----- MATERIAL PROVIDED -----
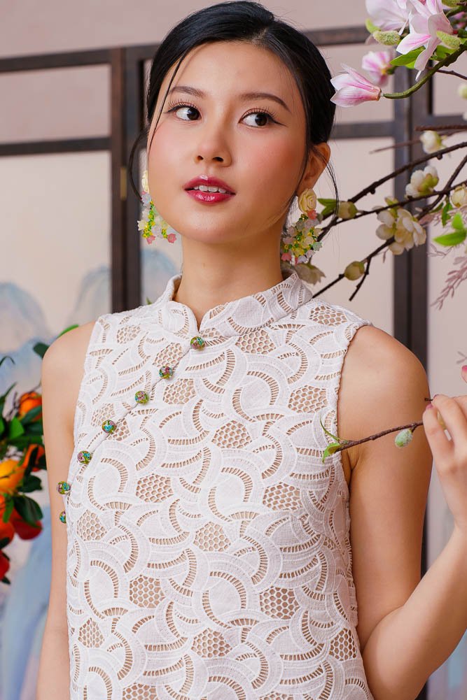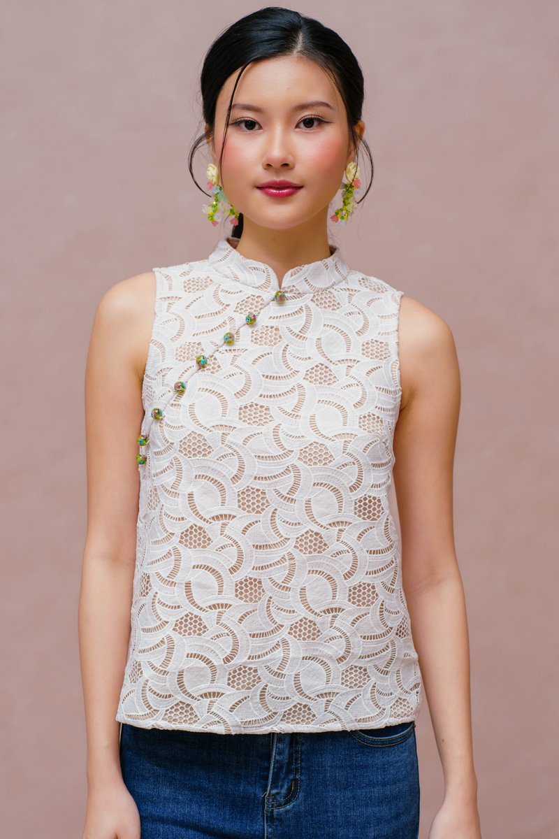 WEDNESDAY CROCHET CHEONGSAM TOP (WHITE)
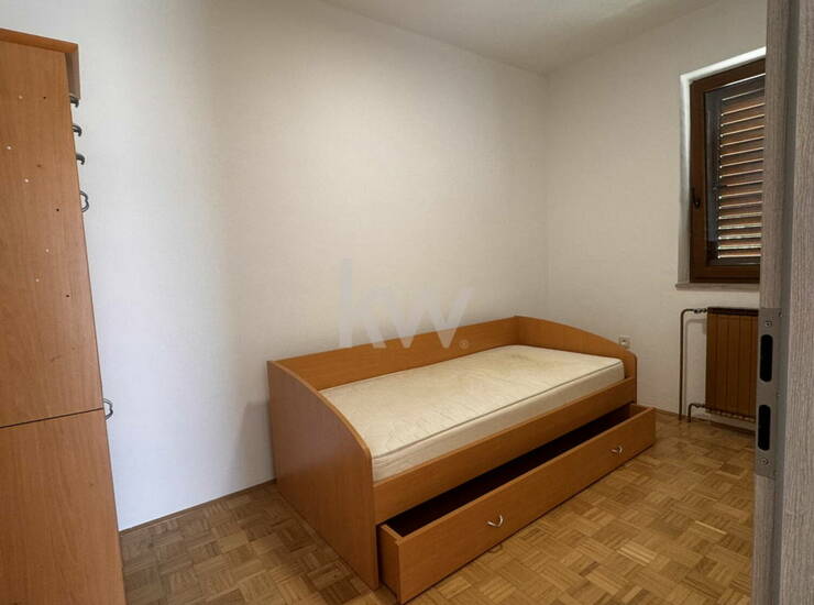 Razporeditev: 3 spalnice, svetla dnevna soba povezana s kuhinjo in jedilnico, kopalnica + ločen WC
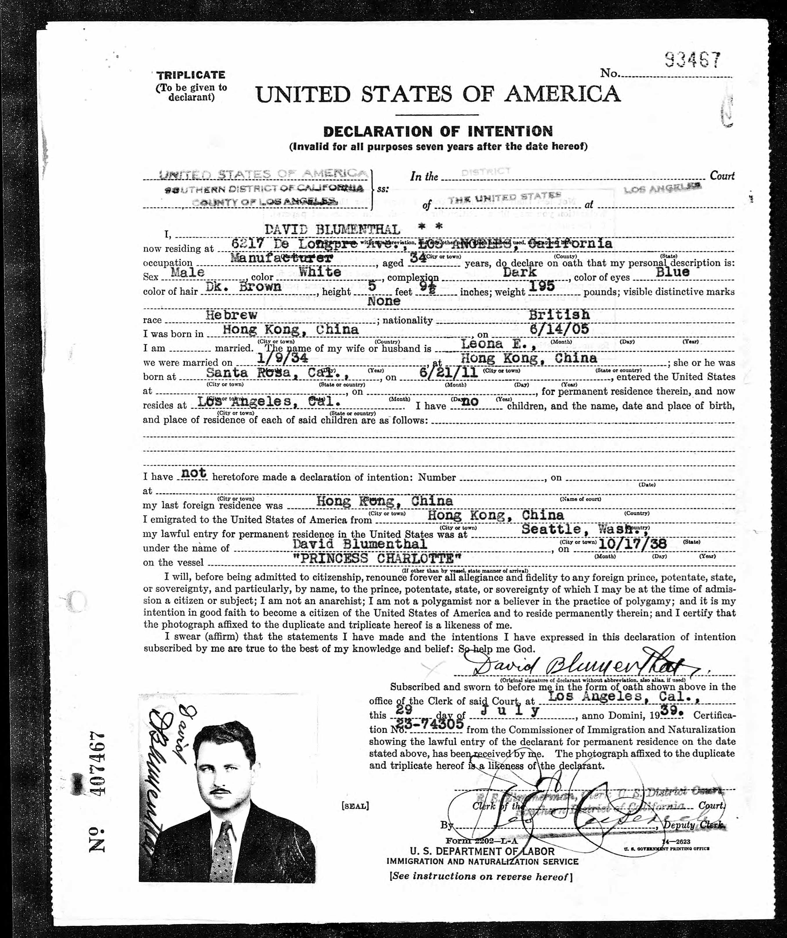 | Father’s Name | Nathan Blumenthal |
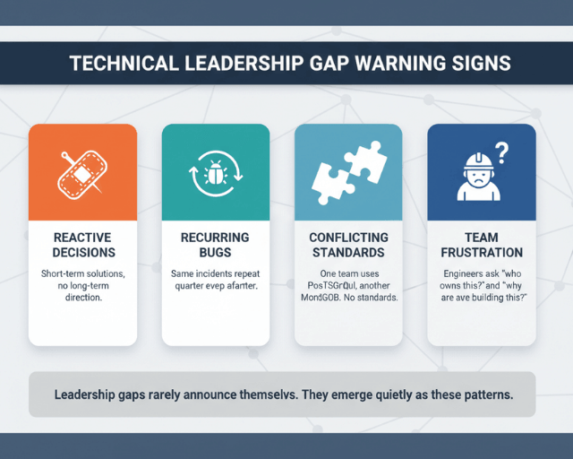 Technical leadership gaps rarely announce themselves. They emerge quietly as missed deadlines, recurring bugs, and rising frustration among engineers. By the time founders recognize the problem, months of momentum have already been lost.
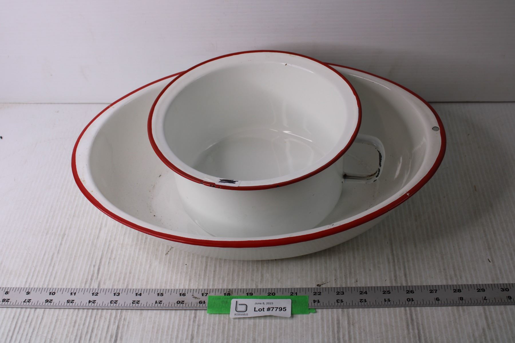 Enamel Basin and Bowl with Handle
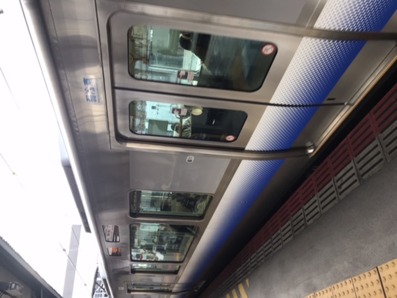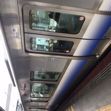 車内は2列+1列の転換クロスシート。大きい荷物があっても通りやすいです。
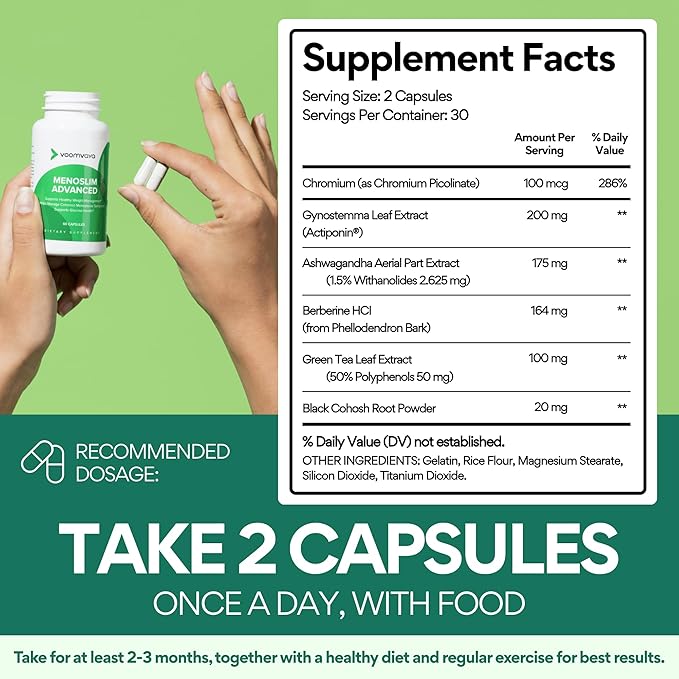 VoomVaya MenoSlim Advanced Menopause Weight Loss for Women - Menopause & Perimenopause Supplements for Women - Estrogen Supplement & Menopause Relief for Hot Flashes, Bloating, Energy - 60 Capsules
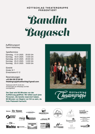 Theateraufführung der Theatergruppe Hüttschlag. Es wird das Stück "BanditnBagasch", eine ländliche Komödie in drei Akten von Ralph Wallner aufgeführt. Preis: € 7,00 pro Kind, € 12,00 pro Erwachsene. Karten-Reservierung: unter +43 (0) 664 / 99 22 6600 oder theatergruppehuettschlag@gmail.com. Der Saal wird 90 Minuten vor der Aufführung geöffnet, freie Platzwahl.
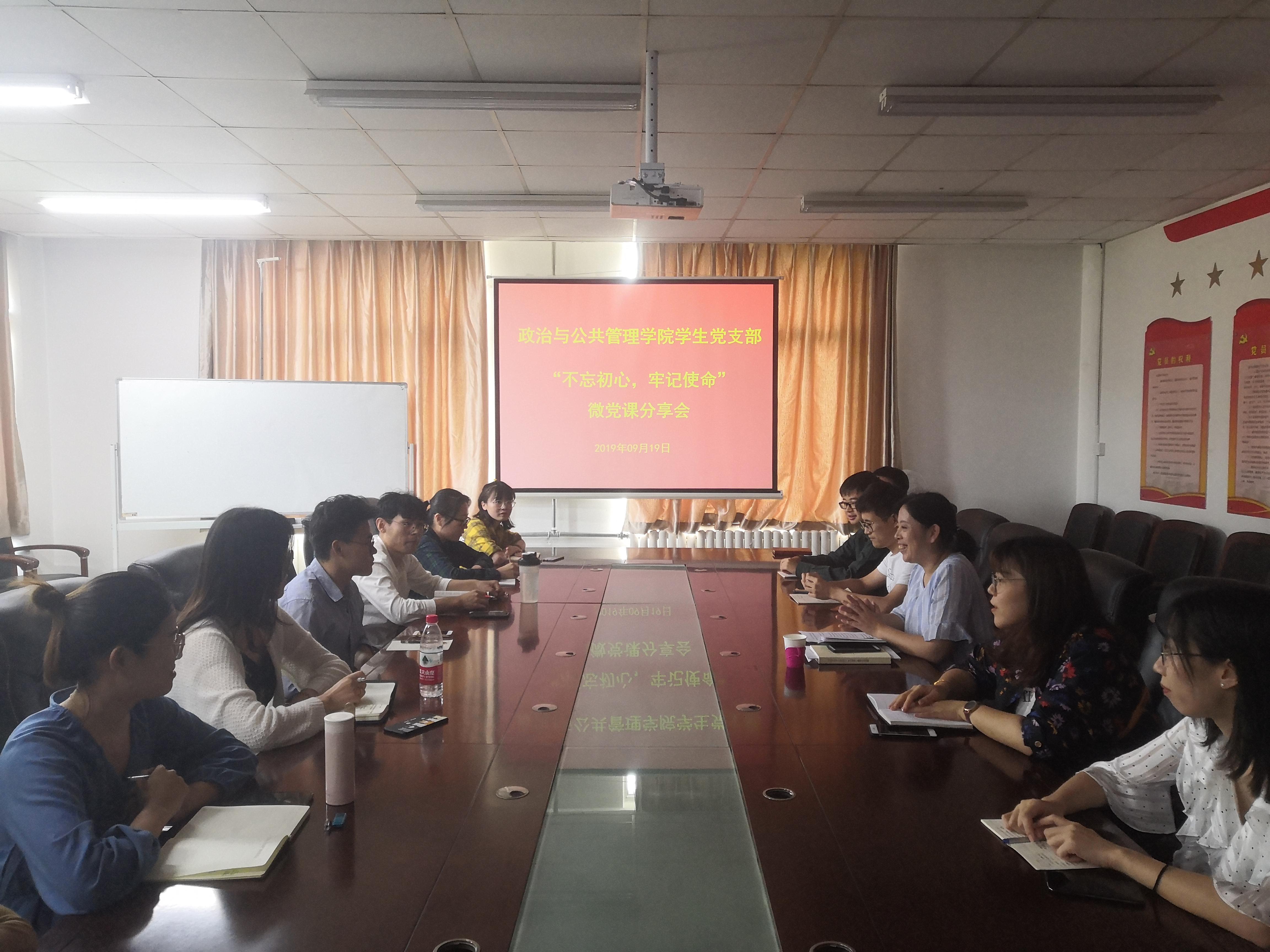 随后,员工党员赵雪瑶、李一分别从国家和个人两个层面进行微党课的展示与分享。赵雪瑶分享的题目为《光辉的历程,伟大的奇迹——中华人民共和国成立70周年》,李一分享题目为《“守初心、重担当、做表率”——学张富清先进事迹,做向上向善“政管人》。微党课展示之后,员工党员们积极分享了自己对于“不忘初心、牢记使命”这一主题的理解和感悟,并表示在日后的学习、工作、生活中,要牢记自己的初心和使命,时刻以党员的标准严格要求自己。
-----
Write out the data exactly, and exclude every picture it holds.

ANSWER SECTION –
 WEDNESDAY CROCHET CHEONGSAM TOP (WHITE)
 Razporeditev: 3 spalnice, svetla dnevna soba povezana s kuhinjo in jedilnico, kopalnica + ločen WC
 | Father’s Name | Nathan Blumenthal |
 Technical leadership gaps rarely announce themselves. They emerge quietly as missed deadlines, recurring bugs, and rising frustration among engineers. By the time founders recognize the problem, months of momentum have already been lost.
 Enamel Basin and Bowl with Handle
 車内は2列+1列の転換クロスシート。大きい荷物があっても通りやすいです。
 VoomVaya MenoSlim Advanced Menopause Weight Loss for Women - Menopause & Perimenopause Supplements for Women - Estrogen Supplement & Menopause Relief for Hot Flashes, Bloating, Energy - 60 Capsules
 Theateraufführung der Theatergruppe Hüttschlag. Es wird das Stück "BanditnBagasch", eine ländliche Komödie in drei Akten von Ralph Wallner aufgeführt. Preis: € 7,00 pro Kind, € 12,00 pro Erwachsene. Karten-Reservierung: unter +43 (0) 664 / 99 22 6600 oder theatergruppehuettschlag@gmail.com. Der Saal wird 90 Minuten vor der Aufführung geöffnet, freie Platzwahl.
 随后,员工党员赵雪瑶、李一分别从国家和个人两个层面进行微党课的展示与分享。赵雪瑶分享的题目为《光辉的历程,伟大的奇迹——中华人民共和国成立70周年》,李一分享题目为《“守初心、重担当、做表率”——学张富清先进事迹,做向上向善“政管人》。微党课展示之后,员工党员们积极分享了自己对于“不忘初心、牢记使命”这一主题的理解和感悟,并表示在日后的学习、工作、生活中,要牢记自己的初心和使命,时刻以党员的标准严格要求自己。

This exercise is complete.